Going into business for yourself can be a risky and yet ultimately rewarding experience. As with any new business, a franchise unit is going to require upfront capital. And in most cases it takes a significant amount of financing to get started. For those individuals who choose to join the franchising world, there are two distinct ways to finance entry into the business - on your own or with partners. In this section we will take a look at the strategy of getting into franchising on your own and without a financial partner.
First, let's consider the cold, hard facts of the financial side of franchising.
When you buy into a franchise system there are a number of upfront costs. And of course you will need to be prepared to cover these costs - and other ongoing costs down the road. Beyond the startup costs, you will need to foot annual franchise fees and/or regular royalty fees. Some franchisors require other regular fees that help subsidize the costs of marketing, advertising, and other ongoing support. Then you have daily operational costs such as supplies and payroll to meet. Remember, it could be months or more before your business is generating any profit. You will need some kind of financial reserve to cover your costs in the beginning.
A financial partner may be a good strategy for some entrepreneurs. Primarily, those who are cash-strapped or simply lack access to the kind of startup capital required. And in many cases, a financial partner can be a good resource, but the strategy does come with some potential drawbacks. For example, a financial partner is going to have skin in the game, and to some degree, is going to share power and control with you and could influence the way you run your franchise business. You'll also need to consider any interest expenses or other financial "fees" that you will be indebted for with a financial partner. Furthermore, you'll need to consider the consequences and potential liabilities if your financial partner decides he wants out, or worse, begins to have his own financial struggles. And finally, you'll need to weigh the stress that a financial partnership may put on an existing friendship or family relation. It's for reasons such as these that many choose to enter into the franchise world as individuals who handle the financing equation for themselves.
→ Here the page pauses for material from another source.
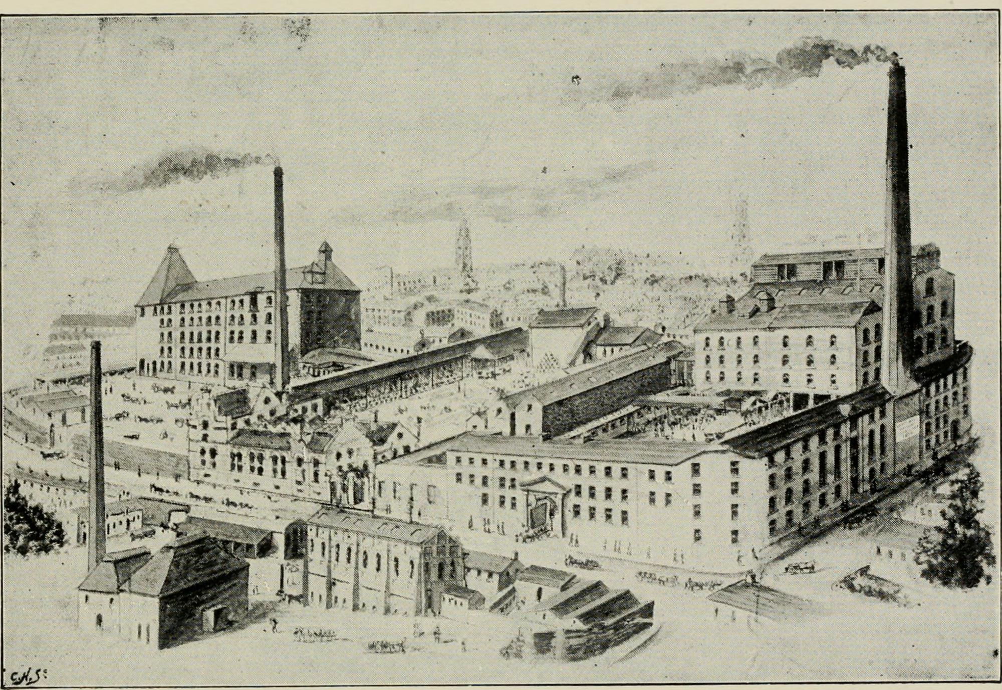 Title: Ireland; industrial and agricultural Year: 1902 (1900s) Authors: Ireland. Dept. of Agriculture and Technical Instruction Coyne, William P Subjects: Agriculture -- Ireland Lace and lace making Industries -- Ireland Ireland -- Economic conditions Publisher: Dublin (etc.) : Browne and Nolan, limited Text Appearing Before Image: ' Text Appearing After Image: THE BREWING INDUSTRY IN IRELAND. 477 liolders Committee were unsuccessful in forming a Directorate to restart it, hetook up the undertal^ing which appeared at the time to be hopeless, formeda Board of Directors, and re-opened the Bank under the title of the Mun-ster and Leinster Bank, with a very limited amount of capital at its disposaland in the teeth of the most adverse criticism. From 1885 to 1888 he gavethe liquidation of the old bank and the budding business of the new bankhis undivided attention, and, before he died he had the satisfaction of seeingthe old bank satisfactorily wound up and the new one in a sound financialposition. Few realised the far-reaching view he took of the situation at thetime of the failure. His opinion was that, unless the liquidation of the oldbank was voluntary, and the new one started to take over and nurse theaccounts locked up by the closing, the South of Ireland would receive amonetary shock from which it would take years to recover. Ably assisted

Here's how that typically happens.
You may be interested in purchasing a franchise because you have a large financial nest egg. Maybe it's a 401K from an old job, some cashed-in stock, perhaps an inheritance of some kind, the sale of a home. Maybe it's an SBA or conventional loan that you can qualify for. The point is, you can get the capital and you don't need a partner to do it.
If you can get the kind of capital you need to get the franchise off the ground, the payoff could be significant. Remember, many of today's most successful businesses, large and small, were started by individuals who had the drive, determination - and the capital they needed - to succeed. By financing your own franchise operation, you can retain more of the control, the direction, and ultimately, the payoff.